RECORDS FOR PROCESSING:
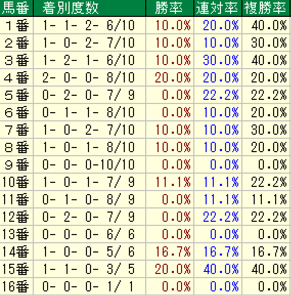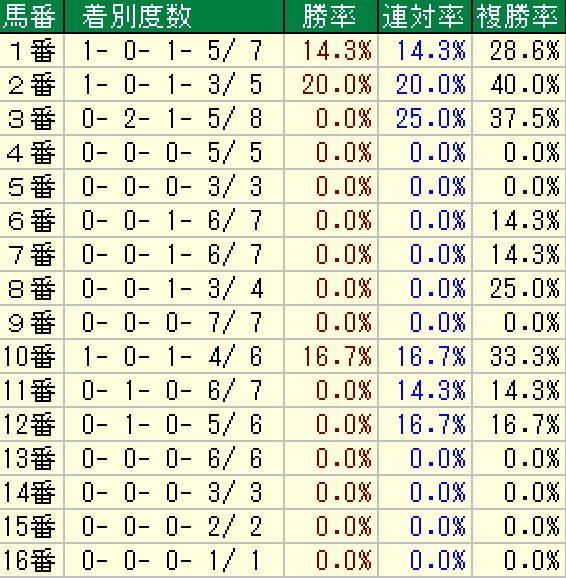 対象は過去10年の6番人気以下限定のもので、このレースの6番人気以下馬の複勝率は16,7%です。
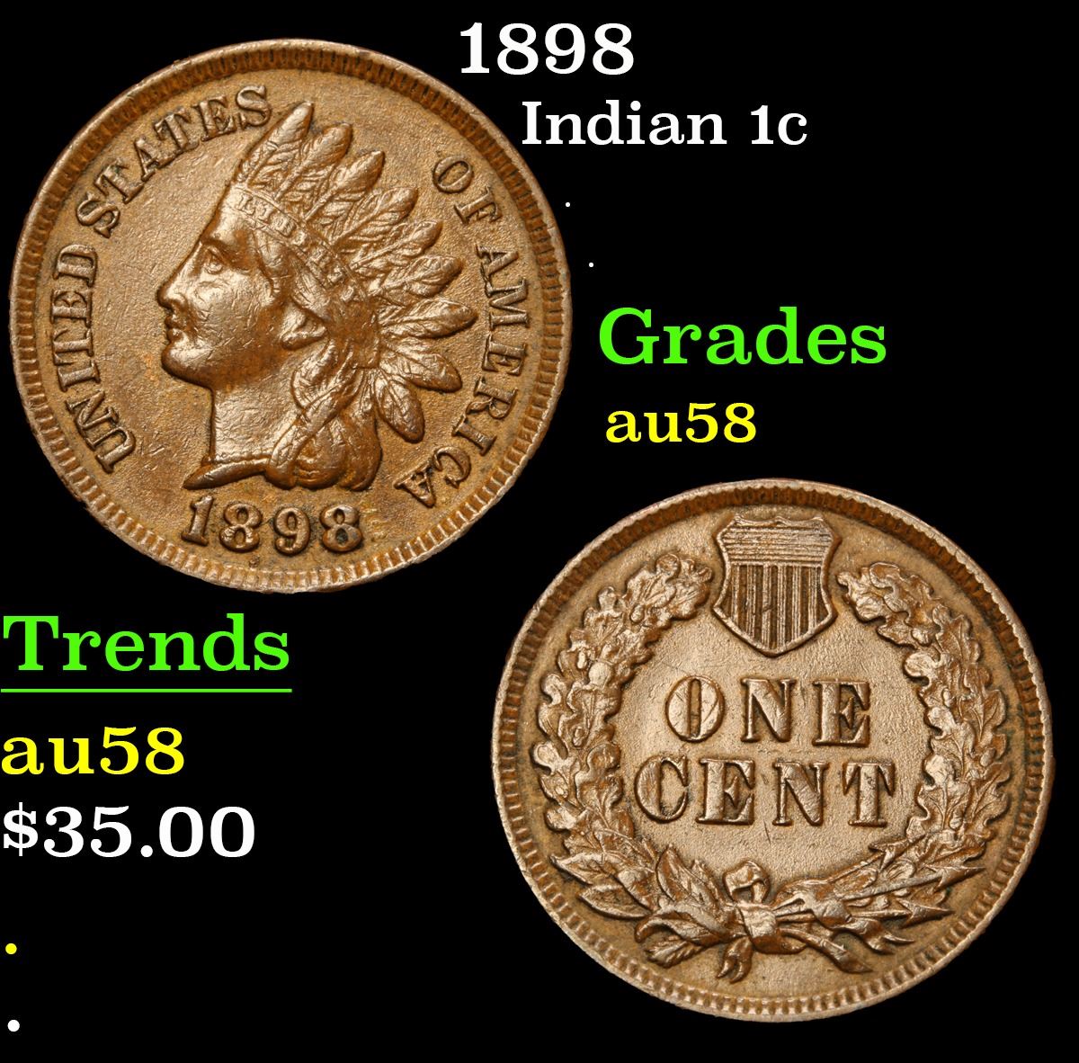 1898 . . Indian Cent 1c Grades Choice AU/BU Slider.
* * *
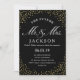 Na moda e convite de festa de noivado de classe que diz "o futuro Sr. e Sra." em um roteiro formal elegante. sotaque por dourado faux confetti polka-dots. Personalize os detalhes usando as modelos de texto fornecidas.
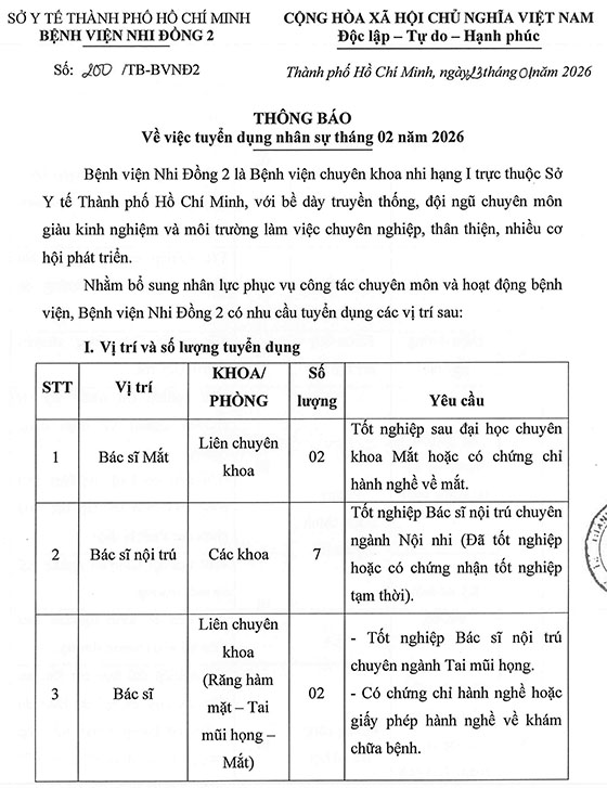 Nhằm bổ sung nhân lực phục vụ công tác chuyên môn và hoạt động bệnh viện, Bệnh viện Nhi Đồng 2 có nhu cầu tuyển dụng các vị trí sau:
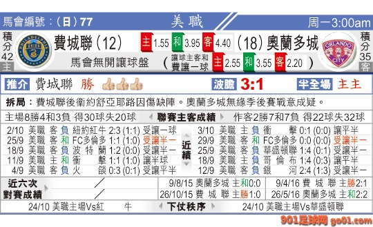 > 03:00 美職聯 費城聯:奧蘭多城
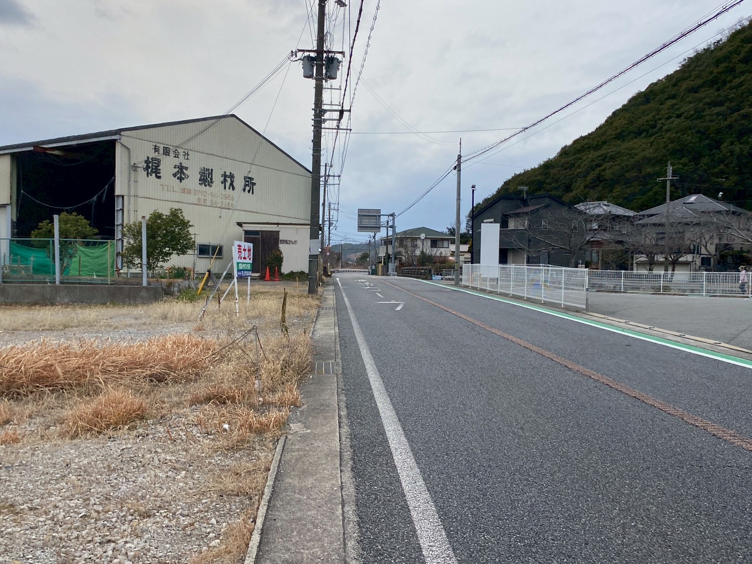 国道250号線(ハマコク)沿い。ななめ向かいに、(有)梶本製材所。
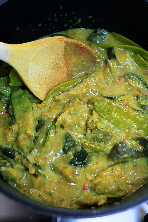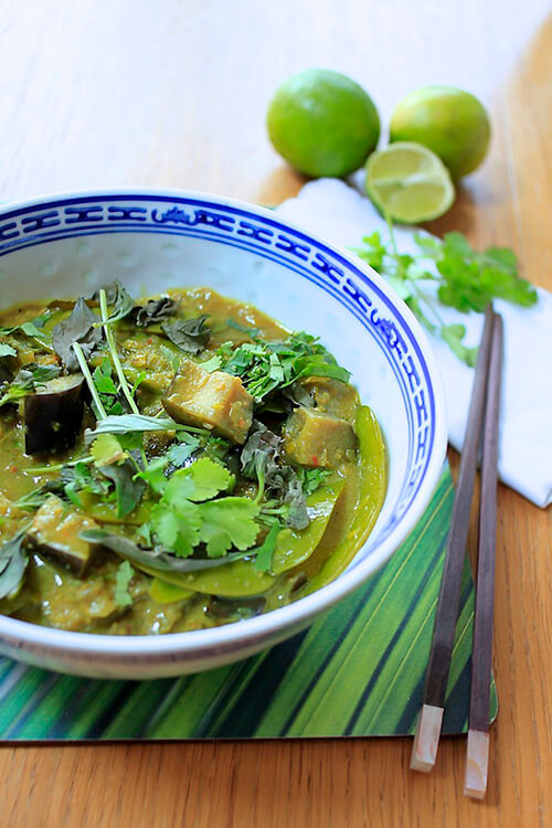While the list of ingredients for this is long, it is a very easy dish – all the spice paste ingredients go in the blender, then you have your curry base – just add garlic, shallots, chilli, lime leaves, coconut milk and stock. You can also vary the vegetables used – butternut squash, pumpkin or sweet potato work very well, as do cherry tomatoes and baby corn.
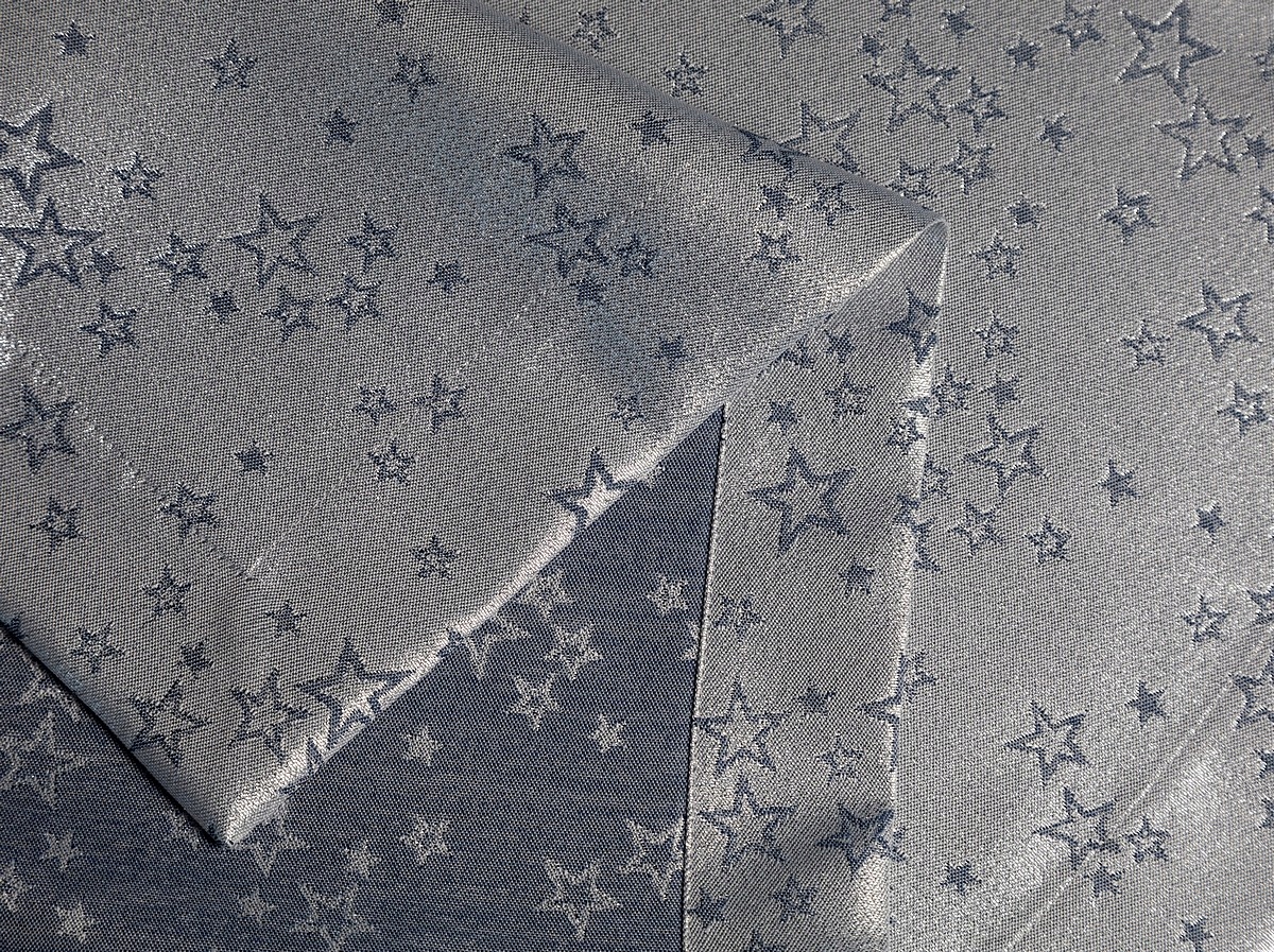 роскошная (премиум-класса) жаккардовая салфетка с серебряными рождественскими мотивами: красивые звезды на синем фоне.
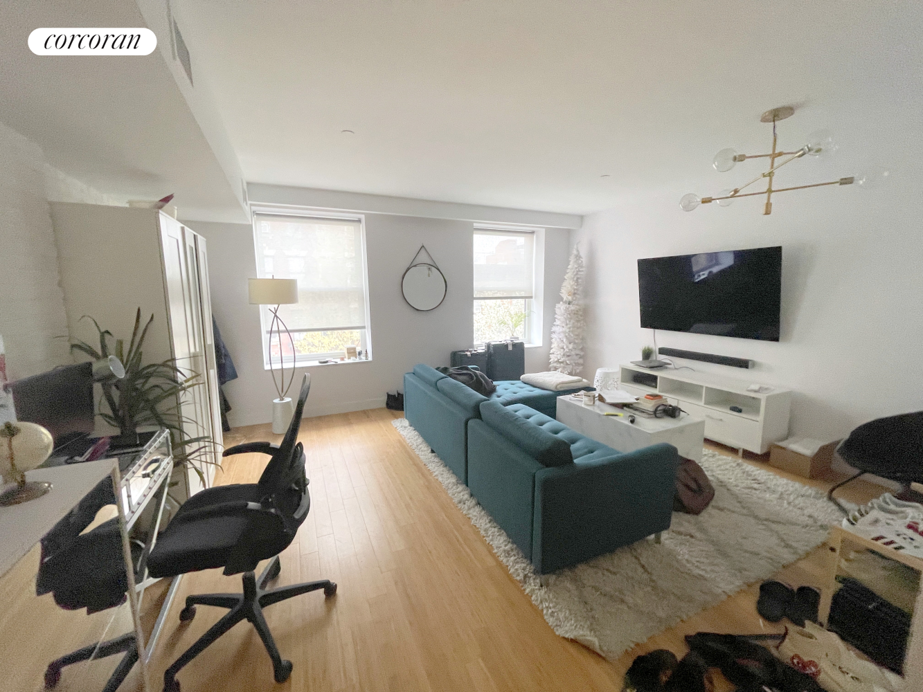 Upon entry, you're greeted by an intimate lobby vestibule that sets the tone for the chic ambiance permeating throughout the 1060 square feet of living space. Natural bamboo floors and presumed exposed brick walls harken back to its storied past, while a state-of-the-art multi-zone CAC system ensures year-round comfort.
* * *
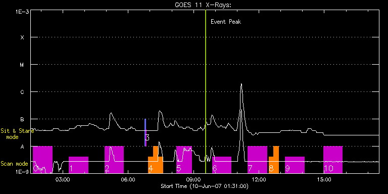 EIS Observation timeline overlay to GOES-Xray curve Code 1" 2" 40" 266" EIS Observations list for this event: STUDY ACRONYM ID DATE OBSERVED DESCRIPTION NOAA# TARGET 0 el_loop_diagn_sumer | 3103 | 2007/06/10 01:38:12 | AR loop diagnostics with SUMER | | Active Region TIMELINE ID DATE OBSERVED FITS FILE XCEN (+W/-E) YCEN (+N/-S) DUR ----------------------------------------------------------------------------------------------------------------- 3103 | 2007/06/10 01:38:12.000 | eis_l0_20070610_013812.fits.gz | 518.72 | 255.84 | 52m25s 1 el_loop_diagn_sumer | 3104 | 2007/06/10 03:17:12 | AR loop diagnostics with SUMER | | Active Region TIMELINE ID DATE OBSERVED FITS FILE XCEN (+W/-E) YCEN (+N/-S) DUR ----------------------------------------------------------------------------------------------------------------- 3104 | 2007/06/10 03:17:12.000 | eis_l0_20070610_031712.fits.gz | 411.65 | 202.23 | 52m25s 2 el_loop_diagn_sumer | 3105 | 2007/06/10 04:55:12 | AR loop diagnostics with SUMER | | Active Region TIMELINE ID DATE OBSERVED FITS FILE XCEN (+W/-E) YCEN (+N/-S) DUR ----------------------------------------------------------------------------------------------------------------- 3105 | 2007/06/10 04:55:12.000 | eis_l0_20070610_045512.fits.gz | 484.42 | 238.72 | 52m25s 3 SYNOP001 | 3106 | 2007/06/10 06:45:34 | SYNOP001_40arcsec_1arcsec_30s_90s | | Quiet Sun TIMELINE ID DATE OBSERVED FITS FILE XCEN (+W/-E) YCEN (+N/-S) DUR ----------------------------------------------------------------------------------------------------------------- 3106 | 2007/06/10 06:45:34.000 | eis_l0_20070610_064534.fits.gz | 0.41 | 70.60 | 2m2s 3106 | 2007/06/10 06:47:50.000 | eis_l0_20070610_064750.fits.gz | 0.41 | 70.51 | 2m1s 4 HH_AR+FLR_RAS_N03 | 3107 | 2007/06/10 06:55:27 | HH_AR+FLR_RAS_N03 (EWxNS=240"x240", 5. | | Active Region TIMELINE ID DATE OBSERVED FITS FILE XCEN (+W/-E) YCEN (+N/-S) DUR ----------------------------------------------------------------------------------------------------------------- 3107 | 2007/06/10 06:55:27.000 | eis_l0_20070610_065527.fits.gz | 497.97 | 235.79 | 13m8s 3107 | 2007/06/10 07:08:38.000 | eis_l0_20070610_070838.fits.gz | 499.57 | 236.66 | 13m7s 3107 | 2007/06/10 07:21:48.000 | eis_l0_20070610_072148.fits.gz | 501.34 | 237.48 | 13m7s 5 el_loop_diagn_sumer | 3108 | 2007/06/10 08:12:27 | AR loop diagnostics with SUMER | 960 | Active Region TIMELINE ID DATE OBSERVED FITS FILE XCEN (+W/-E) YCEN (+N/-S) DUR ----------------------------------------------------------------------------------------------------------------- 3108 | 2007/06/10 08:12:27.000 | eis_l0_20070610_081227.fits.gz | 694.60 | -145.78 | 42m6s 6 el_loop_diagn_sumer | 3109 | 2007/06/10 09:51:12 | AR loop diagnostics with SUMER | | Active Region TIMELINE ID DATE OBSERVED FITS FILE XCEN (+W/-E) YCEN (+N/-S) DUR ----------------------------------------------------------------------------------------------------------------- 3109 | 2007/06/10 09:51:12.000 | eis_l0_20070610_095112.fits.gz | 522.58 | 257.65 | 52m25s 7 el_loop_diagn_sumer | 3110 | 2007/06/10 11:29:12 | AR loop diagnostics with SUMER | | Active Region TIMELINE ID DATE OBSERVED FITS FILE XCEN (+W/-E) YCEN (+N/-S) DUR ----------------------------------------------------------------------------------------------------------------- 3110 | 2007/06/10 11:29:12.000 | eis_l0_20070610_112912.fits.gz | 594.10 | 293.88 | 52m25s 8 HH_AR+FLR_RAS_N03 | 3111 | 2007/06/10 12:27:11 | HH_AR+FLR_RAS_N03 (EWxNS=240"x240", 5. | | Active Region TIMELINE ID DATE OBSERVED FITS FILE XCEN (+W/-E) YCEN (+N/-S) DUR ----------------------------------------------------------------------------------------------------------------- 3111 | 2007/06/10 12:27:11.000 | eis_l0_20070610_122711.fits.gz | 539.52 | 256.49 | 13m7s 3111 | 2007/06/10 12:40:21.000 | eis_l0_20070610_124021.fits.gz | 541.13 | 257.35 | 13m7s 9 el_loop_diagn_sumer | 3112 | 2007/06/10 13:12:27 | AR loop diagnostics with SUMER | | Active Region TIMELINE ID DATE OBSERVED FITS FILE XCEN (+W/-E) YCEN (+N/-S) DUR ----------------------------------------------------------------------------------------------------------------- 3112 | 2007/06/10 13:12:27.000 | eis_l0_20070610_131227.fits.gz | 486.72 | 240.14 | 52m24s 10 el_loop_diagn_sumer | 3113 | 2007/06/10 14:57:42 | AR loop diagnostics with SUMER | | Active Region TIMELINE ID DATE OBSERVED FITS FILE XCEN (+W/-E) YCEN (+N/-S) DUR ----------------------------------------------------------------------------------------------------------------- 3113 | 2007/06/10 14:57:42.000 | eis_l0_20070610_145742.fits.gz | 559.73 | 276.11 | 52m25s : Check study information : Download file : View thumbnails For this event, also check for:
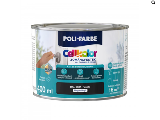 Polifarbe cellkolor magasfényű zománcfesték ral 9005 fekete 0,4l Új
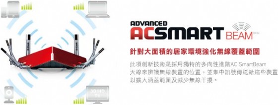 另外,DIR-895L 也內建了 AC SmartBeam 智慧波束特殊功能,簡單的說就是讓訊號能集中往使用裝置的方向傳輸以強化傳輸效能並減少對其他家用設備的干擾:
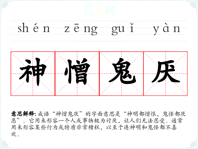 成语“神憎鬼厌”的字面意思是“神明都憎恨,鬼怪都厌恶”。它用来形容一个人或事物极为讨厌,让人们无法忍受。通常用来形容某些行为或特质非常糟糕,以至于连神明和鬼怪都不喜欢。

EXERCISE PROMPT: Return word for word the lines of the listing above, starting at the line with "対象は過去10年の6番人気以" and ending at the line with "1898 . . Indian", both included. Pictures do not belong in the copy.

WRITTEN SOLUTION:
 対象は過去10年の6番人気以下限定のもので、このレースの6番人気以下馬の複勝率は16,7%です。
 1898 . . Indian Cent 1c Grades Choice AU/BU Slider.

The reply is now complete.